Consider a Shape example where Circle, Square, and Star all inherit directly from Shape. This relationship is often referred to as an is-a relationship because a circle is a shape and Square is a shape. When a subclass inherits from a superclass, it can do anything that the superclass can do. Thus, Circle, Square, and Star are all extensions of Shape.

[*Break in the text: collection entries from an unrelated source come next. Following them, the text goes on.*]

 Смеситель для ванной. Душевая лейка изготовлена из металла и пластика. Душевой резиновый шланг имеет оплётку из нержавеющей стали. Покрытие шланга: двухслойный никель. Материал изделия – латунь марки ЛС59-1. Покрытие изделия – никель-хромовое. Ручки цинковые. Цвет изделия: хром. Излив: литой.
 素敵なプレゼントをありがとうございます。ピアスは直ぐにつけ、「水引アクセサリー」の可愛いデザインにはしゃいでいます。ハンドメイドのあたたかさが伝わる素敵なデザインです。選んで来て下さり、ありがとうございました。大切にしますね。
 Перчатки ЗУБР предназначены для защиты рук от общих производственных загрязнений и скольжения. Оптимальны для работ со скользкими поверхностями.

In Figure 4, the name on each of the objects represents the Draw method for the Circle, Star, and Square objects, respectively. When we design this Shape system it would be very helpful to standardize how we use the various shapes. Thus, we could decide that if we want to draw a shape, no matter what shape, we will invoke a method called draw. If we adhere to this decision, whenever we want to draw a shape, only the Draw method needs to be called, regardless of what the shape is. Here lies the fundamental concept of polymorphism it is the individual object's responsibility, be it a Circle, Star, or Square, to draw itself.

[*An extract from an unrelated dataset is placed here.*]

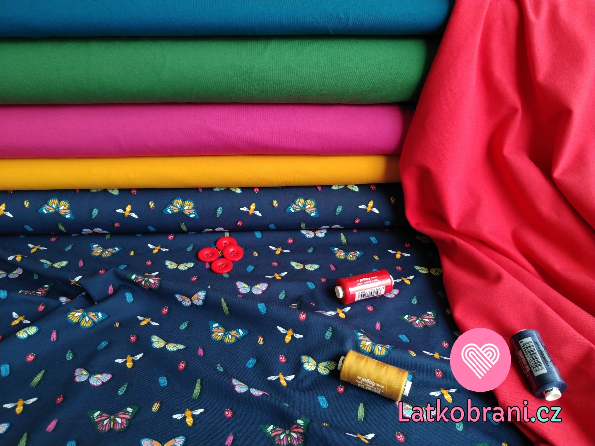 Úplet potisk vintage motýlci a broučci na tmavě modré

Figure 4 The shape hierarchy.

Polymorphism

Polymorphism literally means many shapes. Although polymorphism is tightly coupled to inheritance, it is often cited separately as one of the most powerful advantages to object-oriented technologies. When a message is sent to an object, the object must have a method defined to respond to that message. In an inheritance hierarchy, all subclasses inherit the interfaces from their superclass. However, because each subclass is a separate entity, each might require a separate response to the same message. For example, consider the Shape class and the behavior called Draw. When you tell somebody to draw a shape, the first question he asks is "What shape?" He cannot draw a shape, as it is an abstract concept (in fact, the Draw() method in the Shape code following contains no implementation). You must specify a concrete shape. To do this, you provide the actual implementation in Circle. Even though Shape has a Draw method, Circle overrides this method and provides its own Draw() method. Overriding basically means replacing an implementation of a parent with one from a child.

For example, suppose you have an array of three shapes Circle, Square, and Star. Even though you treat them all as Shape objects, and send a Draw message to each Shape object, the end result is different for each because Circle, Square, and Star provide the actual implementations. In short, each class is able to respond differently to the same Draw method and draw itself. This is what is meant by polymorphism.

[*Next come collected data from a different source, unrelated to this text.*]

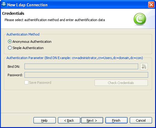 In the wizard's second page select the authentication method. If you choose the simple Authentication method also enter your bind DN or user and bind password. To check the authentication parameter you entered you may click to Check Credentials. Click Next when done.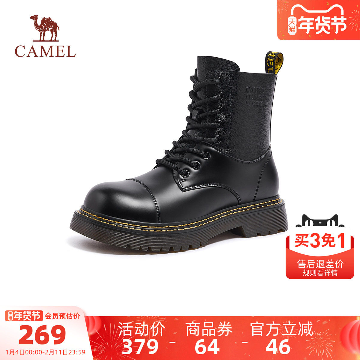 骆驼女鞋2025秋季新款马丁靴女款复古厚底加绒工装户外机车骑士靴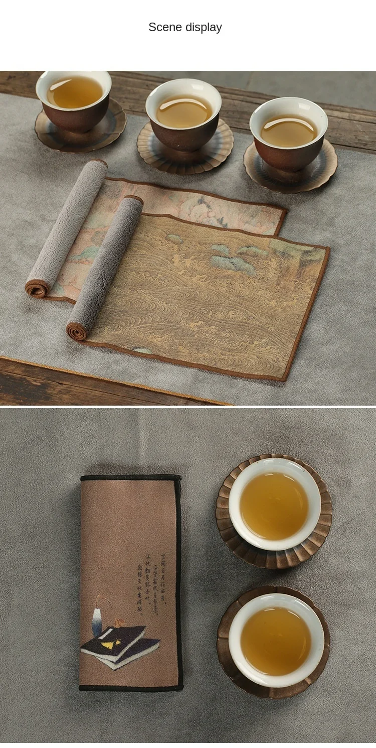 Замшевое чайное полотенце, бытовая дзен чайная скатерть, высококачественный абсорбирующий глиняный чайный коврик, чайная салфетка кунг-фу, чайные аксессуары

Consider the following Shape class:

public abstract class Shape{
   private double area;
   public abstract double getArea();
}

The Shape class has an attribute called area that holds the value for the area of the shape. The method getArea() includes an identifier called abstract. When a method is defined as abstract, a subclass must provide the implementation for this method; in this case, Shape requires subclasses to provide a getArea() implementation. Now, let's create a class called Circle that inherits from Shape (the extends keyword signifies that Circle inherits from Shape):

public class Circle extends Shape{
   double radius;
   public Circle(double r) {
      radius = r;
   }
   public double getArea() {
      area = 3.14*(radius*radius);
      return (area);
   };
}

We introduce a new concept here called a constructor. The Circle class has a method with the same name, Circle. When the names are the same and no return type is provided, the method is a special method, called a constructor. Consider a constructor the entry point for the class, where the object is constructed; the constructor is a good place to perform initializations.

The Circle constructor accepts a single parameter, representing the radius, and assigns it to the radius attribute of the Circle class.

The Circle class also provides the implementation for the getArea method, originally defined as abstract in the Shape class.

We can create a similar class, called Rectangle:

public class Rectangle extends Shape{
   double length;
   double width;
   public Rectangle(double l, double w){
      length = l;
      width = w;
   }
   public double getArea() {
      area = length*width;
      return (area);
   };
}

Now, we can create any number of Rectangles, Circles, and so forth and invoke their getArea() method because we know that all Rectangles and Circles inherit from Shape and all Shape classes have a getArea() method. If a subclass inherits an abstract method from a superclass, it must provide a concrete implementation of that method, or else it will be an abstract class itself (see Figure 5 for a UML diagram).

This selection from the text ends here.